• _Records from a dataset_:
───
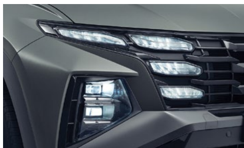
Полностью светодиодные фары головного света (широкий угол освещения и интеллектуальная система управления светом IFS)
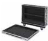
Flight-case à roulette
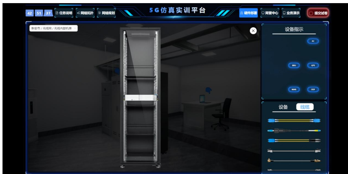
(3) ODF 架内部自带设备图
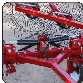
Cilindros hidráulicos para posición de trabajo y transporte.
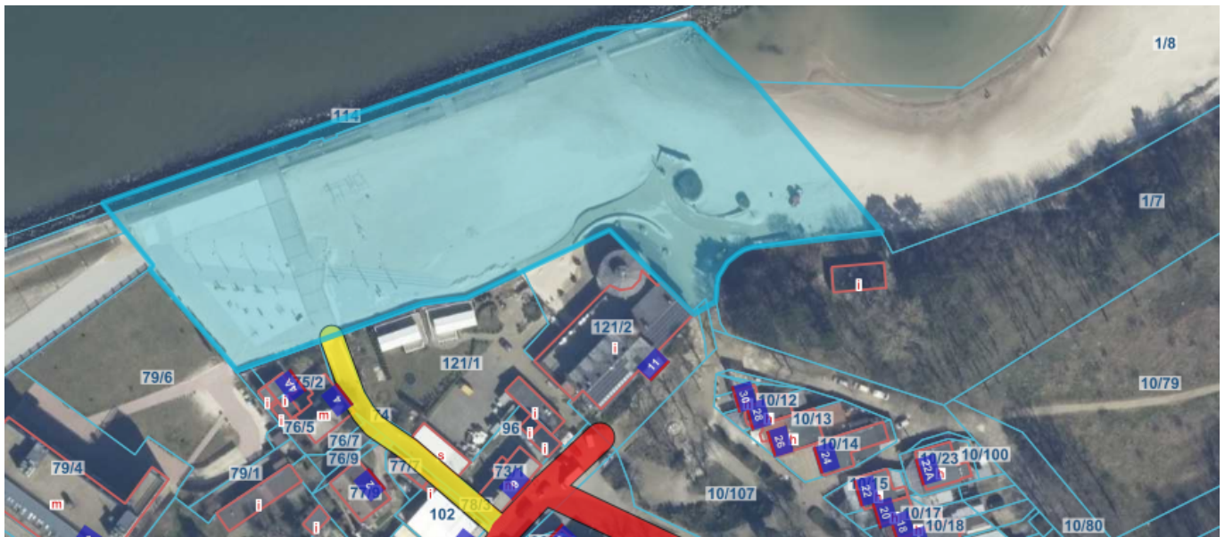
Rys. nr 2 - ortofotomapa terenu, który miałby być wyłączony z krajobrazu priorytetowego kod 32-313.47-24

Przyczyną wniosku o wyłączenie powyższego terenu jest fakt istniejącej drewnianej spacerowej promenady na falochronie. Zapisy kierunków i zasad kształtowania zabudowy, zagospodarowania i użytkowania terenu z audytu krajobrazowego ograniczy lub nawet uniemożliwi remont, przebudowę lub inne roboty związane z utrzymaniem przedmiotowej promenady, która jest wkomponowana w budowlę hydrotechniczną- opaskę brzegową, stanowiącą element systemu ochrony brzegu morskiego.
───
All lines from the line with "Flight-case à roulette" through the final line of the data, both included, are to be repeated exactly; no other lines and no pictures.

• _Answer space_:
Flight-case à roulette
(3) ODF 架内部自带设备图
Cilindros hidráulicos para posición de trabajo y transporte.
Rys. nr 2 - ortofotomapa terenu, który miałby być wyłączony z krajobrazu priorytetowego kod 32-313.47-24

Przyczyną wniosku o wyłączenie powyższego terenu jest fakt istniejącej drewnianej spacerowej promenady na falochronie. Zapisy kierunków i zasad kształtowania zabudowy, zagospodarowania i użytkowania terenu z audytu krajobrazowego ograniczy lub nawet uniemożliwi remont, przebudowę lub inne roboty związane z utrzymaniem przedmiotowej promenady, która jest wkomponowana w budowlę hydrotechniczną- opaskę brzegową, stanowiącą element systemu ochrony brzegu morskiego.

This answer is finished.